Work instruction - Among the lines below, the one containing "In Figure 10, the" opens the range and the one containing "初代グランドセイコーには、プ" closes it. Print that range exactly, without the pictures.

Source information -

[Start of Attachment]

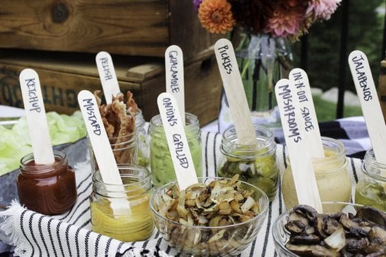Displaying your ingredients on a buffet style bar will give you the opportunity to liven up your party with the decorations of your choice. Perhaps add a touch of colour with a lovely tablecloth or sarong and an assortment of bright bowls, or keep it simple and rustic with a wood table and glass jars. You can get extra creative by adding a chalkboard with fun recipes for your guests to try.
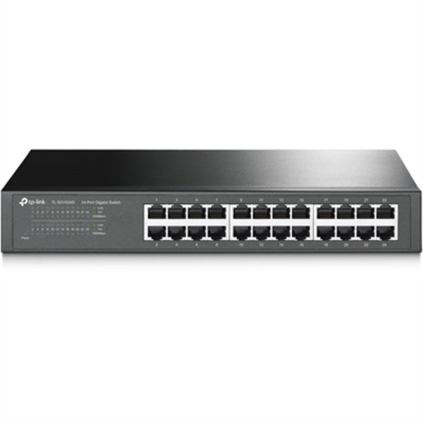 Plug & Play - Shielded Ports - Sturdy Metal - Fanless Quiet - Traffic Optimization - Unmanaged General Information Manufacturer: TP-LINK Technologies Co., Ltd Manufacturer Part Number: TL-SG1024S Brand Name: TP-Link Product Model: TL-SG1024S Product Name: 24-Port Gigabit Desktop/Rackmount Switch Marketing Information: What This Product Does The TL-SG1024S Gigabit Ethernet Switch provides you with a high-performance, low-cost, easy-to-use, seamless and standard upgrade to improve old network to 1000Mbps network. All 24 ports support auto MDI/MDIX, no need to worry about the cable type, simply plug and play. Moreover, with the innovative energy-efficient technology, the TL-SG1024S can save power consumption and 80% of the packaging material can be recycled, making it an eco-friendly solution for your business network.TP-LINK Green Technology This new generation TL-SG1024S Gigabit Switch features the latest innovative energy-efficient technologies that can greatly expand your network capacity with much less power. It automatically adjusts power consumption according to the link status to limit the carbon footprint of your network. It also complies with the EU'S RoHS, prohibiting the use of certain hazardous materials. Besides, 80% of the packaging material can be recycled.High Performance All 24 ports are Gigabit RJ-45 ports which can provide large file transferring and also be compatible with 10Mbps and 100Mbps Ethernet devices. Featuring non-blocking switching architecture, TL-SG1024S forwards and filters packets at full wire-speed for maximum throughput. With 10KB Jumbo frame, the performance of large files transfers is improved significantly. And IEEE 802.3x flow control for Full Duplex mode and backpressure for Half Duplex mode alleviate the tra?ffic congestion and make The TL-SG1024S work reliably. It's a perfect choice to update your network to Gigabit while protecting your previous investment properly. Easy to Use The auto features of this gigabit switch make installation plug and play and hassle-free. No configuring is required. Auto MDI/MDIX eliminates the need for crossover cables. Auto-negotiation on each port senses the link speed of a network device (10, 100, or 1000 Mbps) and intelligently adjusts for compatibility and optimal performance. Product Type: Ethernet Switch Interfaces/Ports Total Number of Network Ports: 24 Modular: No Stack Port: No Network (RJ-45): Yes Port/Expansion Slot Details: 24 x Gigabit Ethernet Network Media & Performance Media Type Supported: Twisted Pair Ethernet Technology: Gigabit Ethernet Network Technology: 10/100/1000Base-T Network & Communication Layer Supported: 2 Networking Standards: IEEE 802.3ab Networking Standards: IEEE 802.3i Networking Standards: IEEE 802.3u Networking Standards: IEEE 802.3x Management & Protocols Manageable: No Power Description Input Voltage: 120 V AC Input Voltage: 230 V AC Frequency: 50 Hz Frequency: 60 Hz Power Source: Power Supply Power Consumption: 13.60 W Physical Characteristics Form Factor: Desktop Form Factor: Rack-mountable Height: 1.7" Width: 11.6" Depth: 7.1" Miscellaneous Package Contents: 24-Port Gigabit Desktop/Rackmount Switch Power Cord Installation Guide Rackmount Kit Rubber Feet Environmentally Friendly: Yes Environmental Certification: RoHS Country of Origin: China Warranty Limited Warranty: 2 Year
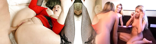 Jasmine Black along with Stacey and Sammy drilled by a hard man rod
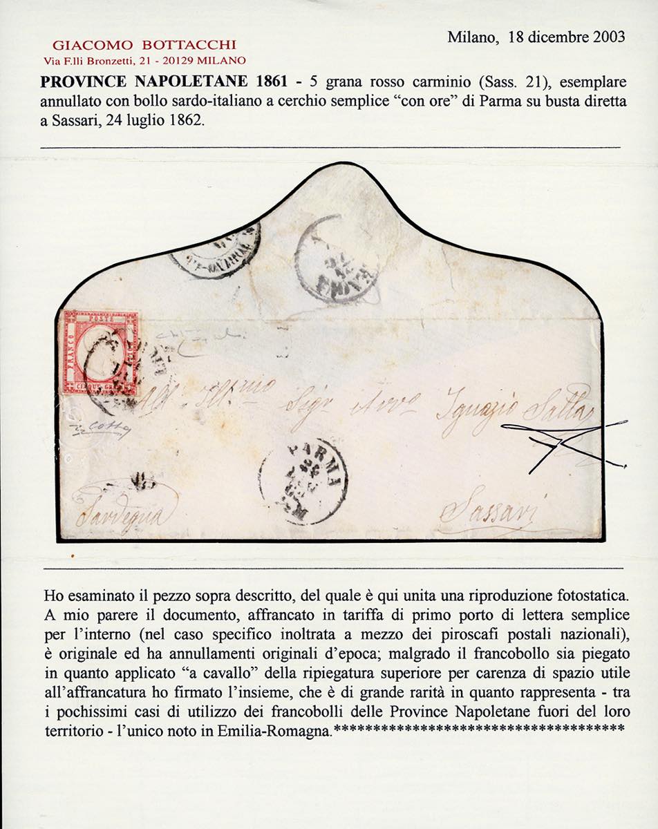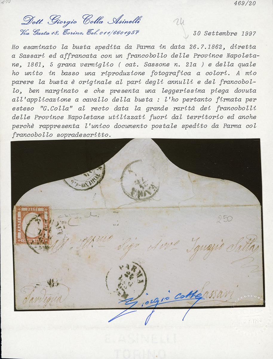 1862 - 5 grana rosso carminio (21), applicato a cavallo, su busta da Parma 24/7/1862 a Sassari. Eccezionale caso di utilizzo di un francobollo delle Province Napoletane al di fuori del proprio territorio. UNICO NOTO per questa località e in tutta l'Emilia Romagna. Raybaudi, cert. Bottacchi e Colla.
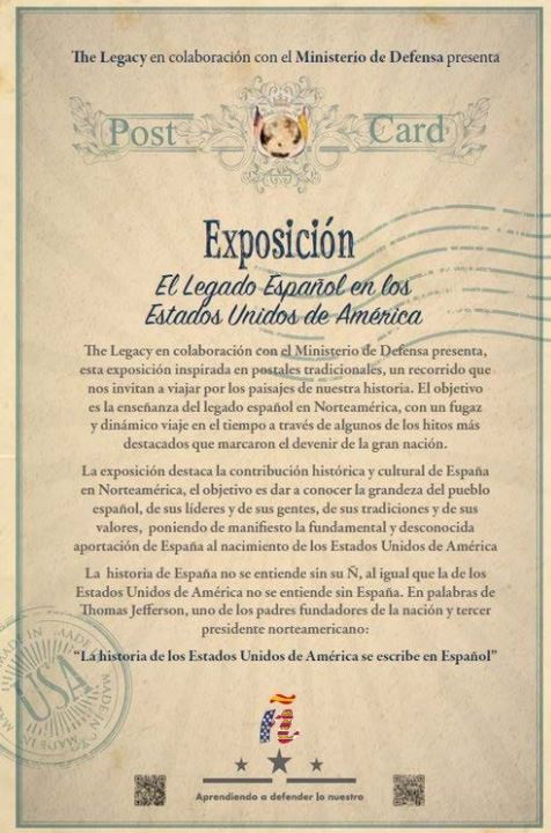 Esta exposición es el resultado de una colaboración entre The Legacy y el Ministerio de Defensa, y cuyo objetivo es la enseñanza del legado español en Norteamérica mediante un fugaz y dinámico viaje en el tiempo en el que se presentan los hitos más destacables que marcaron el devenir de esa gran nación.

[End of Attachment]
[Start of Attachment]

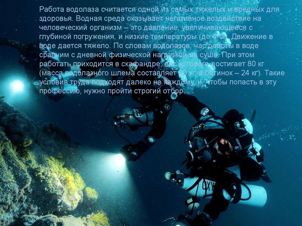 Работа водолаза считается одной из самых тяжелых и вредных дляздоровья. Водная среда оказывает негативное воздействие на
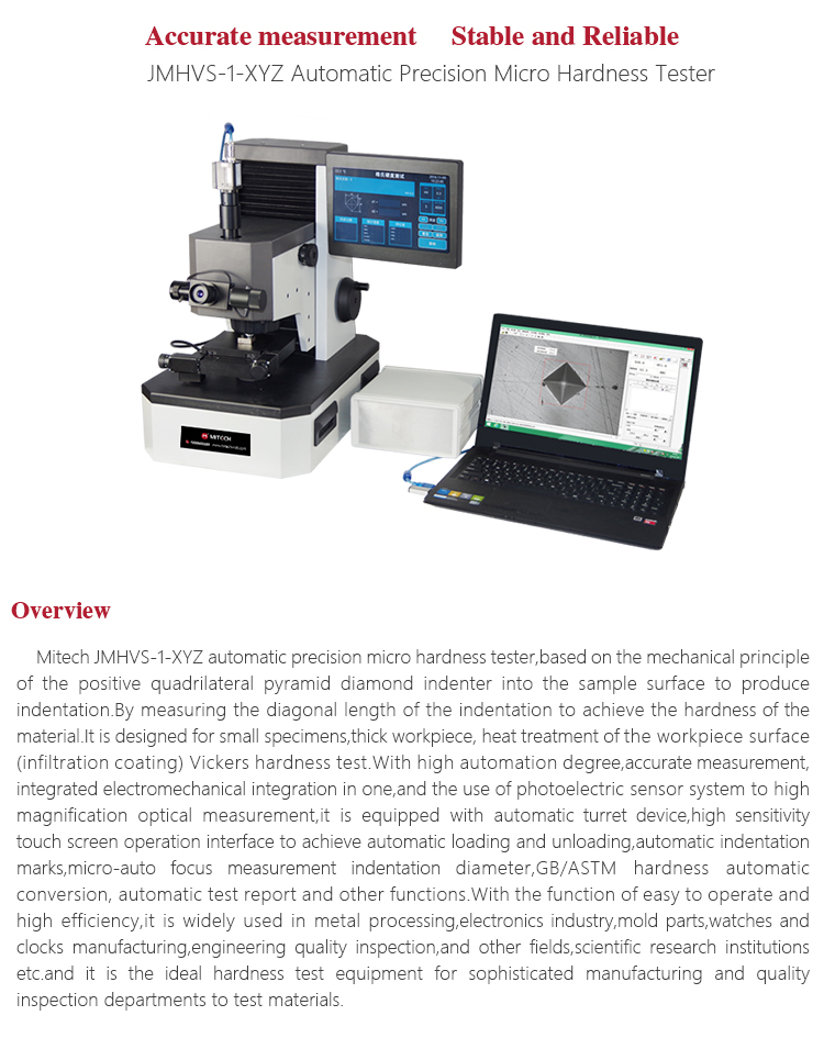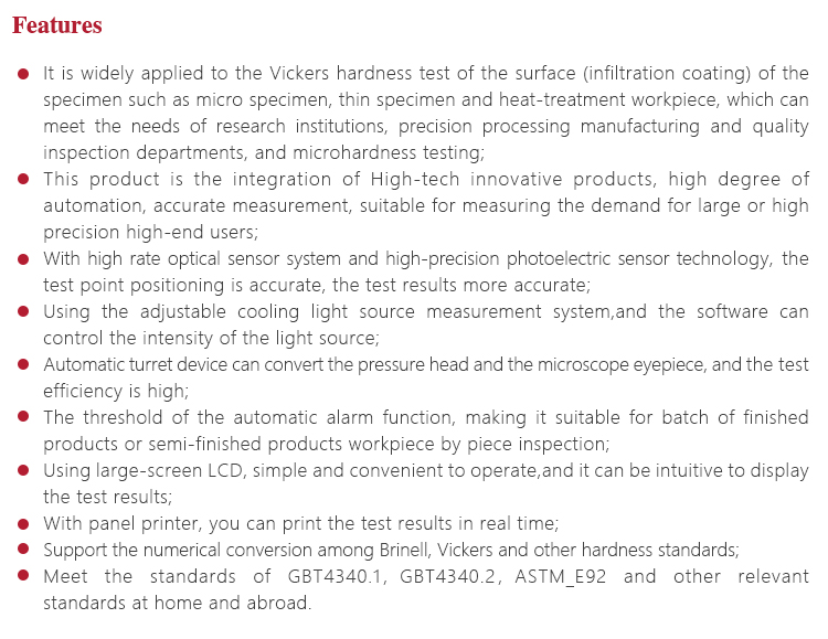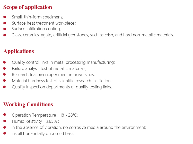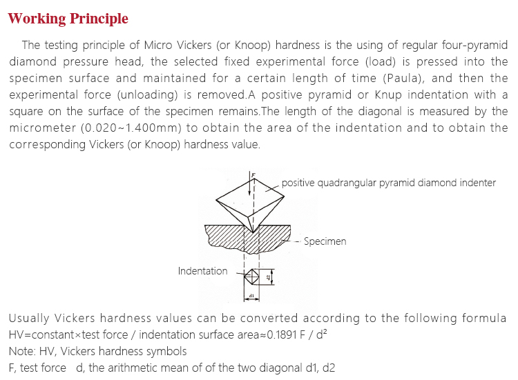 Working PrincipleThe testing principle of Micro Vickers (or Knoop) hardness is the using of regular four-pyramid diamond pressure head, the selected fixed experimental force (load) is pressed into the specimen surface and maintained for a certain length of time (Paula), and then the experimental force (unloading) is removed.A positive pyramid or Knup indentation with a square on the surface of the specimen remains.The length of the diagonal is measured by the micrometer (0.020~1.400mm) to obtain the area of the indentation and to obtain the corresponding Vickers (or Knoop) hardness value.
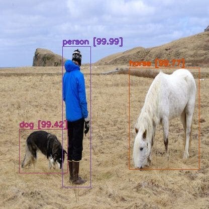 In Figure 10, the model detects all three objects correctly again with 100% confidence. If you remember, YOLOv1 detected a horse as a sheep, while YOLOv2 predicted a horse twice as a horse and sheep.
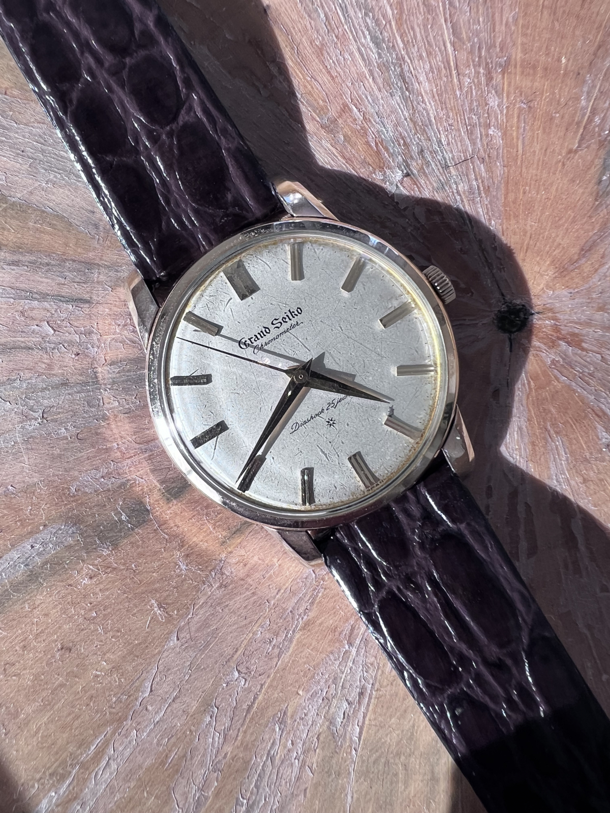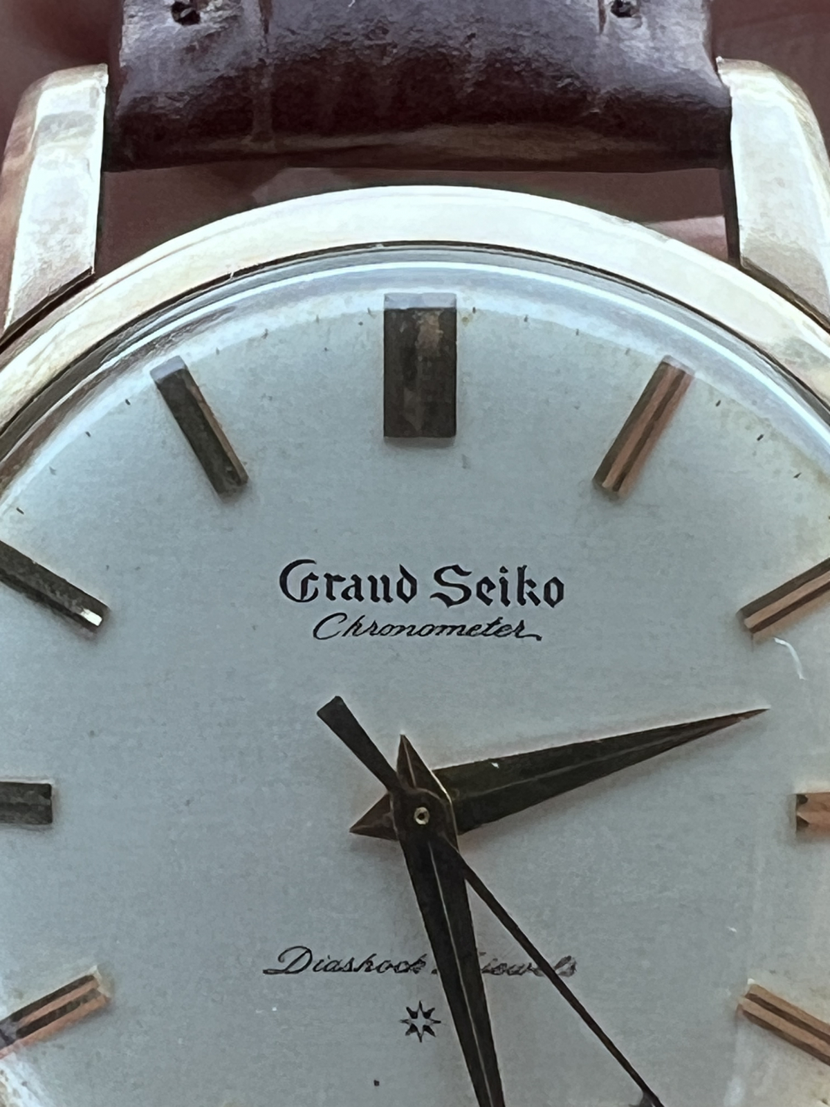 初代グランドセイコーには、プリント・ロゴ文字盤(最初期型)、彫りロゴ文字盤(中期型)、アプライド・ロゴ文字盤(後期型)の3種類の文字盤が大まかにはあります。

[End of Attachment]

Completed task -
 In Figure 10, the model detects all three objects correctly again with 100% confidence. If you remember, YOLOv1 detected a horse as a sheep, while YOLOv2 predicted a horse twice as a horse and sheep.
 初代グランドセイコーには、プリント・ロゴ文字盤(最初期型)、彫りロゴ文字盤(中期型)、アプライド・ロゴ文字盤(後期型)の3種類の文字盤が大まかにはあります。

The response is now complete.